**EXERCISE BRIEF**
Which lines run from the start of the material below through the line containing "登陆有礼 活动期间,玩家可以在神秘商店购买超值道具玩家可花费元宝立即刷新道具,也可购买完当前道具后刷新 ..."? Retype them exactly, pictures excluded.

**LISTED ENTRIES**

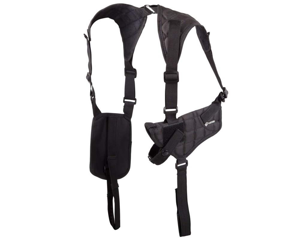 Модульный комплект из кобуры для пистолета и чехла на 2 магазина, подвешиваемых на подтяжки, из прочного полотна.
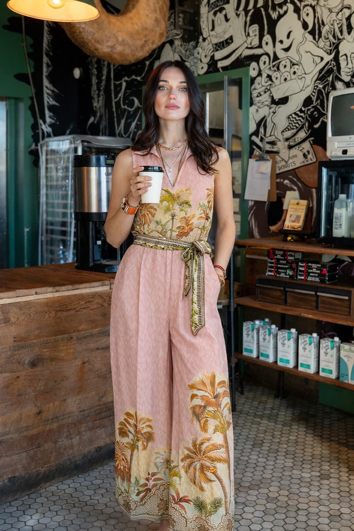 Introducing the Ariel Jumpsuit, crafted in linen viscose and brought alive with the Costa Rica print, blending layered palm artwork and intricate border placements across a multi-color base. Designed with a V-neckline, sleeveless and a tie-up belt that defines the waist just right. The wide-leg fall with subtle front pleats creates a fluid, flattering fit that feels light on the body. Finished with detailed artwork running along the hem, this jumpsuit is made for days that call for comfort with presence.
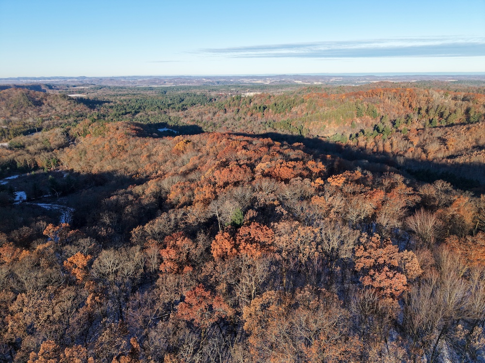 - Hardwood ridges roll through the property
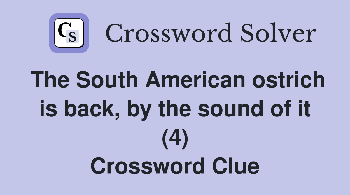 Ostrich like creatures (5) Crossword Clue Answers Crossword Solver
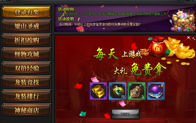 月末庆典时间:9月26日—9月28日1. 登陆有礼 活动期间,玩家可以在神秘商店购买超值道具玩家可花费元宝立即刷新道具,也可购买完当前道具后刷新 ...
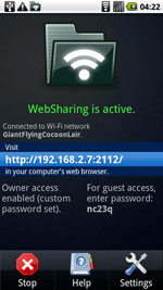 Các điện thoại truyền thống thường chia sẻ file hay nội dung số với máy tính thông qua USB, Bluetooth hay thẻ nhớ. Với Web Sharing, bạn còn có thể chuyển dữ liệu qua lại giữa máy tính bằng Wifi.
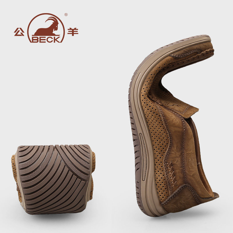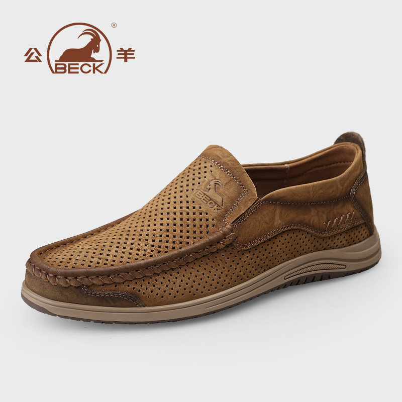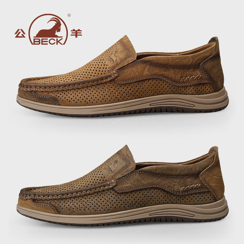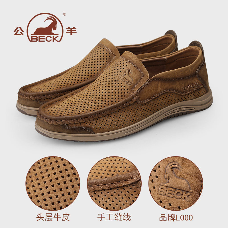 公羊休闲皮鞋男款2026新款夏季透气真皮软底爸爸鞋夏天镂空皮凉鞋
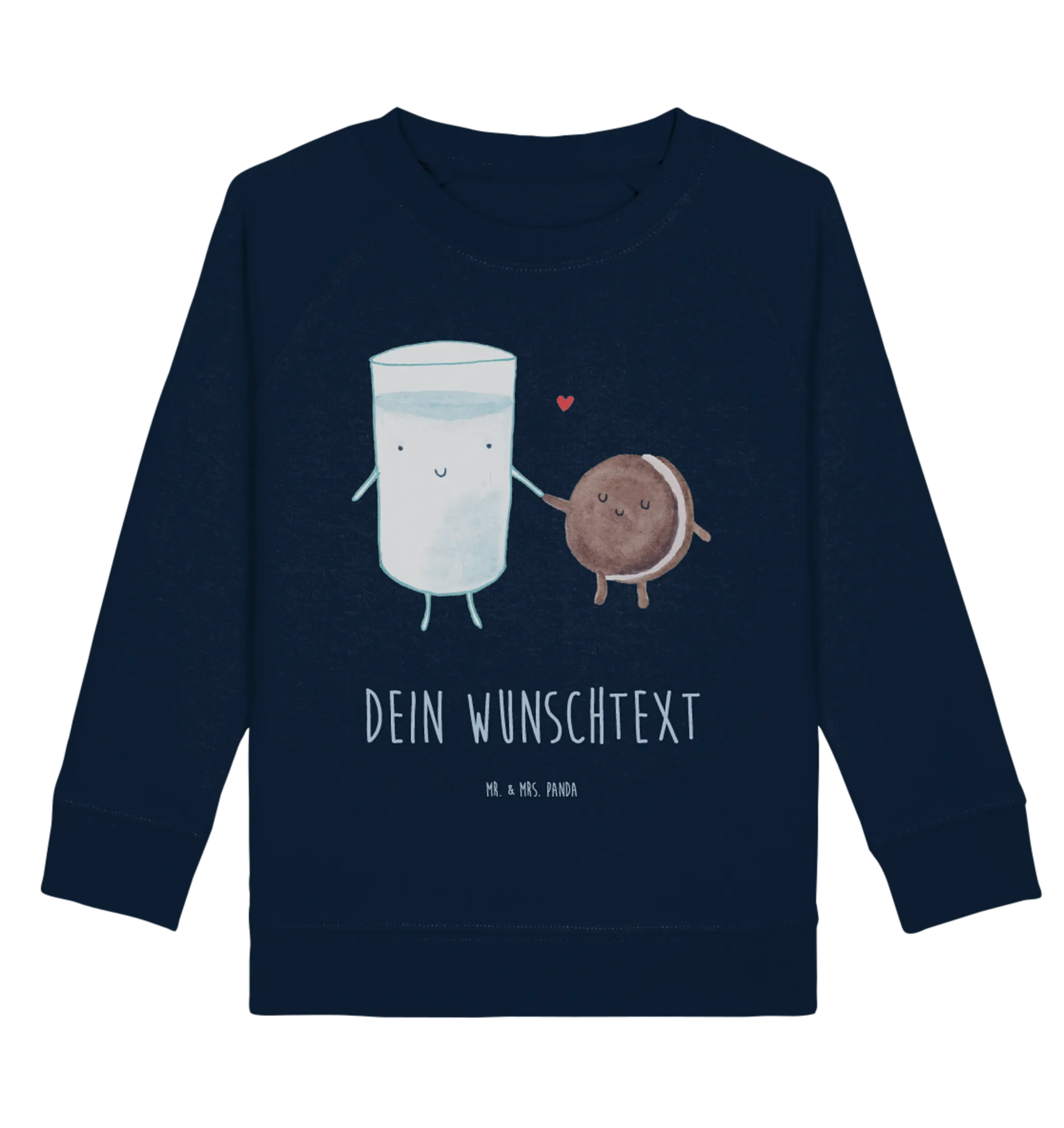 Entdecke den personalisierten Kinder Pullover mit dem süßen Motiv "Milch & Keks" von Mr. & Mrs. Panda! Ein Glas Milch und ein Keks, die liebevoll Händchen halten, zaubern jedem Kind ein Lächeln ins Gesicht.

**SOLUTION TO THE PROBLEM**
 Модульный комплект из кобуры для пистолета и чехла на 2 магазина, подвешиваемых на подтяжки, из прочного полотна.
 Introducing the Ariel Jumpsuit, crafted in linen viscose and brought alive with the Costa Rica print, blending layered palm artwork and intricate border placements across a multi-color base. Designed with a V-neckline, sleeveless and a tie-up belt that defines the waist just right. The wide-leg fall with subtle front pleats creates a fluid, flattering fit that feels light on the body. Finished with detailed artwork running along the hem, this jumpsuit is made for days that call for comfort with presence.
 - Hardwood ridges roll through the property
 Ostrich like creatures (5) Crossword Clue Answers Crossword Solver
 月末庆典时间:9月26日—9月28日1. 登陆有礼 活动期间,玩家可以在神秘商店购买超值道具玩家可花费元宝立即刷新道具,也可购买完当前道具后刷新 ...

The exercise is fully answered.